NDO – The State Bank of Vietnam (SBV)’s recent move to cut a number of policy rates is expected to act as a lever to achieve the economic growth target, but the central bank and credit institutions are still facing numerous challenges to realise such a goal.
A sensible move
After the central’s bank surprise move, commercial banks immediately responded by lowering their interest rates, with the largest four banks of Vietcombank, Vietinbank, BIDV and Agribank taking the lead.
Vietcombank cut rates on short-term loans to five priority sectors by 0.5 percentage points as of July 10, the same day the central bank’s decision took effect. The Saigon-Hanoi Bank (SHB) also announced that short-term lending rates to five priority sectors would be reduced to 6.5% per year from July 10. SHB General Director Nguyen Van Le said his bank’s decision represented its commitment to support individuals, businesses and to boost economic growth.
He added that many enterprises, especially those which are of small and medium-size, are finding it hard to access capital even though they have feasible business and repayment plans. Therefore, SHB’s decision will make it easier for its clients to access funding to develop their plans into revenue growth opportunities in the future.
Many experts commented that the SBV’s first rate cut in the past two years is a sign of the regulator loosening the monetary policy.
Dr Tran Du Lich, member of the National Financial and Monetary Policy Advisory Council, also said that the central bank’s decision to cut rates is a positive policy move in line with current developments on the market. The consumer price index (CPI) now stands at a low level, with CPI in June 2016 up by just 0.2% from December last year.
He emphasised that low inflation gives the SBV room to cut interest rates and projected that interest rates could go down by a further 0.25 to 0.5 percentage points, which he said is a good sign for the economy.
A lever to boost economic growth
The economy has shown positive signals after banks began to cut lending rates but it will take time to see if these signs of optimism translate into real results or not. Whether the central bank’s move will become a lever to boost economic growth in the remainder of the year as expected depends on the efforts of not only the banking system but also close coordination between relevant ministries and agencies.
According to expert Tran Hoang Ngan, the central bank’s rate cut will help commercial banks to cut their input costs, especially with a lower rediscount rate, commercial banks will be able to use special bonds to borrow at cheaper rates. However, with the policy also comes a time lag and therefore is unable to create an immediate impact on lending rates to normal sectors.
Sharing the same view, expert Can Van Luc said that for now the rate adjustment will only affect lending rates to priority sectors while there will still be a certain delay before other sectors feel the impact.
Moreover, other supportive measures are needed for the central bank’s rate cut to produce the full effect.
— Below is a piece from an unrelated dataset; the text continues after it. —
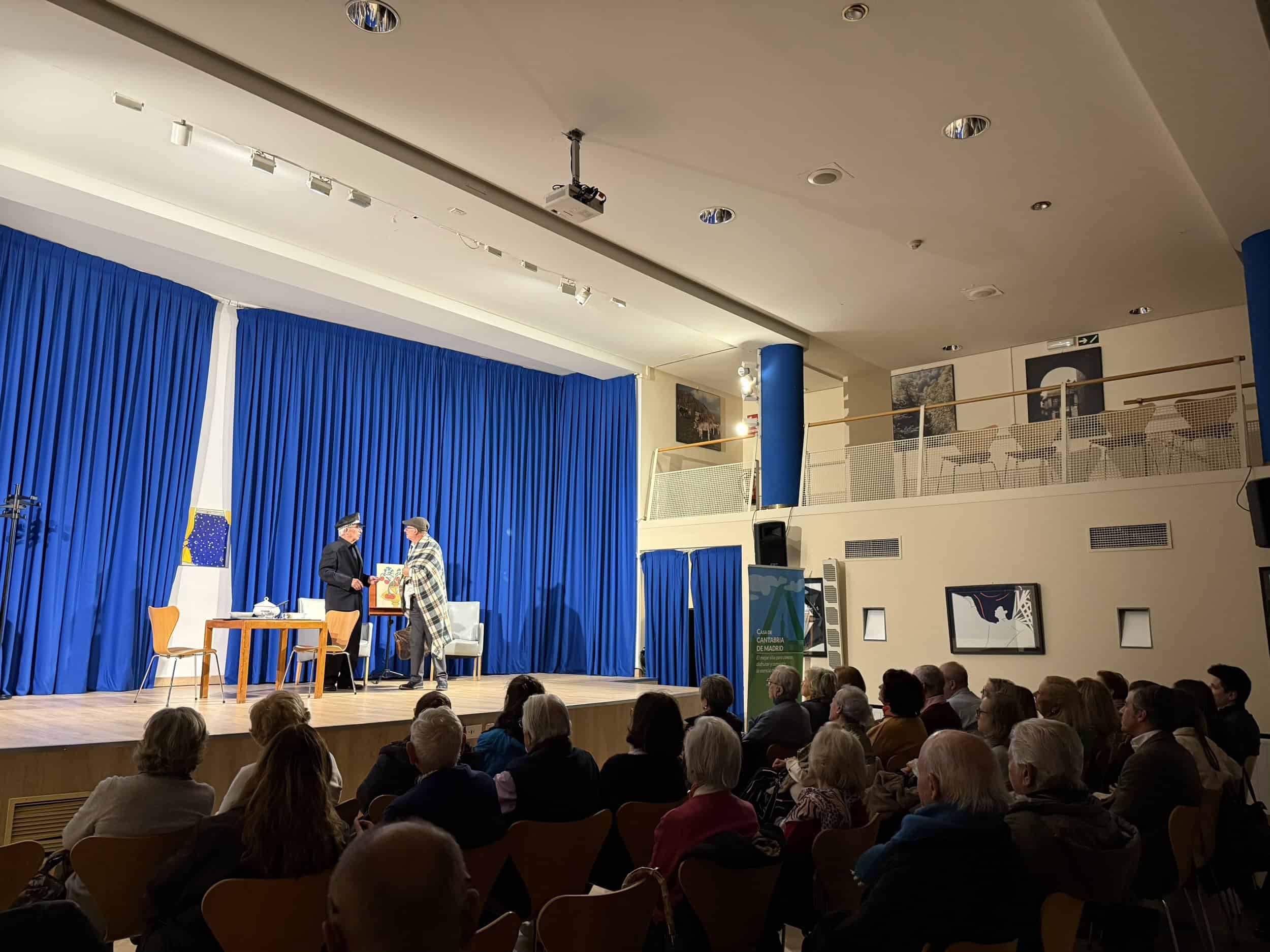 El salón de actos Severiano Ballesteros-Ataúlfo Argenta de la Casa de Cantabria en Madrid acogió la representación de la comedia teatral «El fresco del fuego» de Pedro Muñoz Seca, a cargo del grupo de teatro «Nolasco».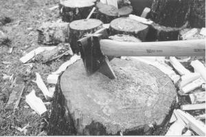 Once you get used to it, Harrison says you can chop a log into 4 pieces with a single blow.

For example, the State Bank should take action to curb credit growth at a reasonable level to prevent a monetary oversupply from exerting pressure on inflation and exchange rates. At the same time, measures are needed to mobilise foreign currency funds into production and discourage capital from flowing into risky sectors.
The Vietnam Institute for Economic and Policy Research (VEPR) also states that the central bank’s rate cut is the right move to facilitate the business community.
In addition to various positive signs, a recent report released by the IMF shows that Vietnam’s credit at the end of 2016 was equivalent to 124% of GDP, higher than the ASEAN-5 and other middle-income economies, especially those with the same level of development as Vietnam. This ratio is approaching the level of the previous period of instability and could lead to risks to financial imbalances in the banking system and inflation. As such, the State Bank should still be cautious with the prospect of rising inflation in the time ahead when the effect of loosened monetary policy becomes more visible.
VEPR Director Nguyen Duc Thanh noted that in any circumstance, it is very difficult to fix if a policy intended to boost growth, or for other purposes, leads to macroeconomic instability. Therefore, the State Bank should be cautious in carrying out its monetary policy.